Asrar Raouf looks at a tricky budget
Pakistani economy Budget: 2022-23 is in the grip of the plethora of loans and this situation has become almost untenable causing existential risk to the country itself. The precarious financial position of the country is amply reflected in the budgetary measures proposed this year. The tight financial position has compelled the government to slash development expenditure and this tendency has become almost a usual factor in governmental fiscal and monetary planning. The restraints imposed upon the financial wherewithal of the state appear to be overwhelming pushing to bring about structural changes in the economic sphere of the country with IMF breathing down the neck of Pakistani financial managers to carry them out without further delay impervious to the financial agony the people of Pakistan will experience in the process.
The budget proposals unveiled by the coalition government reveal that while preparing a Rs.9.5 trillion budget the financial managers have kept in front a highly optimistic target of just 4 per cent increase in expenses along with exhibiting excessively optimistic expectation increasing the collection of revenue by more than one-fourth of the current collection. Needless to say that both these targets are quite unachievable though it appears that targets are fixed under the instructions of the IMF. However, in terms of figures the budget outlay this year is Rs.9,502 billion that is almost a trillion rupees higher than last year’s outlay. As far as expenditure is concerned the financial planners have budgeted total current expenditure at Rs.8,694 billion that is 15.5 per cent higher than last year’s budgeted figure.
The main drain on federal finances is debt services that have registered a high incremental increase and now stand at 45.4 per cent registering a very high level of increase from last year when they accounted for 29.1 per cent and now this head requires Rs.3,950 billion clearly making it as the single largest expenditure of the government. The other high level state expenditure is in respect of defence expenditure that is budgeted at Rs.1,523 billion making up 17.5 per cent of total current expenditure and is 11.16 per cent higher than last year. Both these heads of expenditure actually constitute account for almost 63 per cent of the total financial liabilities of the state exchequer making it extremely hard to make ends meet.
On the revenue side, it is pointed out that the total revenue budgeted stands at Rs.9,004 billion and after subtracting provincial transfer of Rs.4,100 billion as part of the NFC Award, the net revenue comes out at Rs.4,904 billion that is rated to be 9 per cent higher than last year. In this respect the government, on behest of the IMF, has set the tax collection target for the FBR at Rs.7,004 billion which was 20.1pc higher than last year’s target of Rs.5,829 billion. The revenue collection has left a budget deficit that is budgeted at Rs.3,798 billion that is registered at 4.9 per cent that happened to have come down from the previous year high of 6.3 per cent of the GDP. This reduction is mainly attributed to the intense pressure applied by the IMF that finally goaded the Pakistani financial managers to push the budget deficit down.

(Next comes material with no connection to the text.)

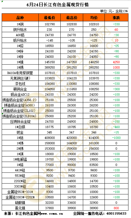 当前位置: 长江有色金属网 > 资讯首页 > 行业要闻 > 4月24日长江有色金属现货行情

The main casualty of the lack of resources is gross reduction in the vital Public Sector Development Programme (PSDP) and expenditure in this respect has been budgeted at Rs.2,158 billion that has registered just 1 per cent increase from Rs.2,135 billion last year. Under this head of expenditure the federal PSDP makes up Rs.727 billion that has gone down 19.2 per cent from last year’s budgeted that amounted to Rs.900 billion. In addition, provincial PSDP has been allocated at Rs.1,432 billion registering an increase of 16 per cent from last year’s budget of Rs.1,235 billion. There is a consistent reduction in amounts allocated in respective budgets for development works that indirectly deprives people of the facilities that are considered normal amenities of living provided by most states.
The rationale behind the growth of economy is also mentioned in the budgetary proposals as it was pointed out that the problem of Pakistani economy is that growth is 3-4 per cent but when it moves up to 5-6 per cent, the current account deficit of the country goes out of control, because in the process the most benefit goes to the elite class that increases country’s imports. It is therefore mentioned that what is required is to adopt new thinking aiming at facilitating the lower-income section to increase domestic production. Amidst these constraints, the coalition government has set the growth rate at five per cent and it is trying to bring in measures that may provide sustainable growth. This policy has given rise to high levels of inflation making the common man to grapple with the hard economic conditions. The coalition government has resolved to bring down the inflation rate to 11.5 per cent bringing it down from its current high level of more than 13 per cent.
The new budget has proposed many measures and the first is related to providing tax relief to people earning salaries up to Rs.100,000 per month. It must be kept in view that the previously minimum taxable salary was Rs.50,000 per month. Moreover, minimum tax bracket for small business persons is raised from Rs.0.4 million to Rs.0.6 million. People earning an annual income of Rs.300 million or more per year are proposed to pay 2 per cent extra tax and 2 per cent tax on the value of high-value hybrid and electric vehicles is also levied. Advance withholding tax will be collected from those sending remittances abroad via credit, debit and pre-paid cards. Advance tax will be increased on cars above 1,600cc and exemption will be granted for complete custom duty on pharmaceutical ingredients. To encourage solar energy, sales tax on import of solar panels and distribution is also exempted. To help the hard-pressed government employees, 15 per cent increase has been approved in their salaries.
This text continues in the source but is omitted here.